§ ASSIGNMENT
Whether an entry is long or short, retype it exactly.
====
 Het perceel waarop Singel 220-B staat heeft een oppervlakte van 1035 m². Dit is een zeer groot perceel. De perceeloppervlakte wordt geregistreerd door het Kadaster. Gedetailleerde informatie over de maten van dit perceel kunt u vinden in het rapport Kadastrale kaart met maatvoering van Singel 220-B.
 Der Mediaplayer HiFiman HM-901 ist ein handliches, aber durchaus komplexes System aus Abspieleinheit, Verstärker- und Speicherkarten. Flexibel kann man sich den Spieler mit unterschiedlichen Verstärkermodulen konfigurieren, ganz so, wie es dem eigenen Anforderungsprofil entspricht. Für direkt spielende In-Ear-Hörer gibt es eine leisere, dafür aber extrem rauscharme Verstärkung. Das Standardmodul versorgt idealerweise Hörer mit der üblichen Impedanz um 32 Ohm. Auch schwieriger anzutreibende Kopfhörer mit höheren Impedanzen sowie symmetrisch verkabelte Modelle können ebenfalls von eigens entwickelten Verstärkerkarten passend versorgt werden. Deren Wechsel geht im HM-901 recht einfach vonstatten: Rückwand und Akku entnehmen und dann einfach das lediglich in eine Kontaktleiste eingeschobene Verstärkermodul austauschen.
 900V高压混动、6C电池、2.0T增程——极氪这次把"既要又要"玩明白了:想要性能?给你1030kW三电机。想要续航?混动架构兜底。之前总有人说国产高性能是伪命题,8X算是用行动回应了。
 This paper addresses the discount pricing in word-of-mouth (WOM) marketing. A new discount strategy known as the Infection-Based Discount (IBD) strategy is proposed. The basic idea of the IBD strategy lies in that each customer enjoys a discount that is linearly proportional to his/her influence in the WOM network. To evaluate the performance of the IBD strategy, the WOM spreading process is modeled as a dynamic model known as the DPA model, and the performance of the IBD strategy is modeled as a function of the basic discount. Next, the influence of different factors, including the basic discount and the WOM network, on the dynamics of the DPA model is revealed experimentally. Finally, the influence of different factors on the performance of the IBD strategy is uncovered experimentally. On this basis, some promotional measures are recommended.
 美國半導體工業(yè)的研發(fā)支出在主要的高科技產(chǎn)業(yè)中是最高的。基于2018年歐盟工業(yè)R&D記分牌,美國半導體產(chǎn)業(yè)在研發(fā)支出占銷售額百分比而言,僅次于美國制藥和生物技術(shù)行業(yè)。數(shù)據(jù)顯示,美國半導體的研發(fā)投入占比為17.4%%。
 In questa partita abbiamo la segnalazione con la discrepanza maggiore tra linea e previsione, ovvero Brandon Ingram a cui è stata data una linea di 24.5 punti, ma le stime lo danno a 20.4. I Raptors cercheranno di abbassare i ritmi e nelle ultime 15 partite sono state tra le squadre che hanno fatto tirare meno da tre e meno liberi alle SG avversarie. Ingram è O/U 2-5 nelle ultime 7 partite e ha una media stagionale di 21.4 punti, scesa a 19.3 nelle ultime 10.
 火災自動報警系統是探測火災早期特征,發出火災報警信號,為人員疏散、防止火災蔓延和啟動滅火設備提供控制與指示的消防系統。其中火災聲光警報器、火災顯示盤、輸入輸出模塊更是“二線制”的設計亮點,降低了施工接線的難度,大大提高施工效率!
====
§ EXERCISE RESULT
 Het perceel waarop Singel 220-B staat heeft een oppervlakte van 1035 m². Dit is een zeer groot perceel. De perceeloppervlakte wordt geregistreerd door het Kadaster. Gedetailleerde informatie over de maten van dit perceel kunt u vinden in het rapport Kadastrale kaart met maatvoering van Singel 220-B.
 Der Mediaplayer HiFiman HM-901 ist ein handliches, aber durchaus komplexes System aus Abspieleinheit, Verstärker- und Speicherkarten. Flexibel kann man sich den Spieler mit unterschiedlichen Verstärkermodulen konfigurieren, ganz so, wie es dem eigenen Anforderungsprofil entspricht. Für direkt spielende In-Ear-Hörer gibt es eine leisere, dafür aber extrem rauscharme Verstärkung. Das Standardmodul versorgt idealerweise Hörer mit der üblichen Impedanz um 32 Ohm. Auch schwieriger anzutreibende Kopfhörer mit höheren Impedanzen sowie symmetrisch verkabelte Modelle können ebenfalls von eigens entwickelten Verstärkerkarten passend versorgt werden. Deren Wechsel geht im HM-901 recht einfach vonstatten: Rückwand und Akku entnehmen und dann einfach das lediglich in eine Kontaktleiste eingeschobene Verstärkermodul austauschen.
 900V高压混动、6C电池、2.0T增程——极氪这次把"既要又要"玩明白了:想要性能?给你1030kW三电机。想要续航?混动架构兜底。之前总有人说国产高性能是伪命题,8X算是用行动回应了。
 This paper addresses the discount pricing in word-of-mouth (WOM) marketing. A new discount strategy known as the Infection-Based Discount (IBD) strategy is proposed. The basic idea of the IBD strategy lies in that each customer enjoys a discount that is linearly proportional to his/her influence in the WOM network. To evaluate the performance of the IBD strategy, the WOM spreading process is modeled as a dynamic model known as the DPA model, and the performance of the IBD strategy is modeled as a function of the basic discount. Next, the influence of different factors, including the basic discount and the WOM network, on the dynamics of the DPA model is revealed experimentally. Finally, the influence of different factors on the performance of the IBD strategy is uncovered experimentally. On this basis, some promotional measures are recommended.
 美國半導體工業(yè)的研發(fā)支出在主要的高科技產(chǎn)業(yè)中是最高的。基于2018年歐盟工業(yè)R&D記分牌,美國半導體產(chǎn)業(yè)在研發(fā)支出占銷售額百分比而言,僅次于美國制藥和生物技術(shù)行業(yè)。數(shù)據(jù)顯示,美國半導體的研發(fā)投入占比為17.4%%。
 In questa partita abbiamo la segnalazione con la discrepanza maggiore tra linea e previsione, ovvero Brandon Ingram a cui è stata data una linea di 24.5 punti, ma le stime lo danno a 20.4. I Raptors cercheranno di abbassare i ritmi e nelle ultime 15 partite sono state tra le squadre che hanno fatto tirare meno da tre e meno liberi alle SG avversarie. Ingram è O/U 2-5 nelle ultime 7 partite e ha una media stagionale di 21.4 punti, scesa a 19.3 nelle ultime 10.
 火災自動報警系統是探測火災早期特征,發出火災報警信號,為人員疏散、防止火災蔓延和啟動滅火設備提供控制與指示的消防系統。其中火災聲光警報器、火災顯示盤、輸入輸出模塊更是“二線制”的設計亮點,降低了施工接線的難度,大大提高施工效率!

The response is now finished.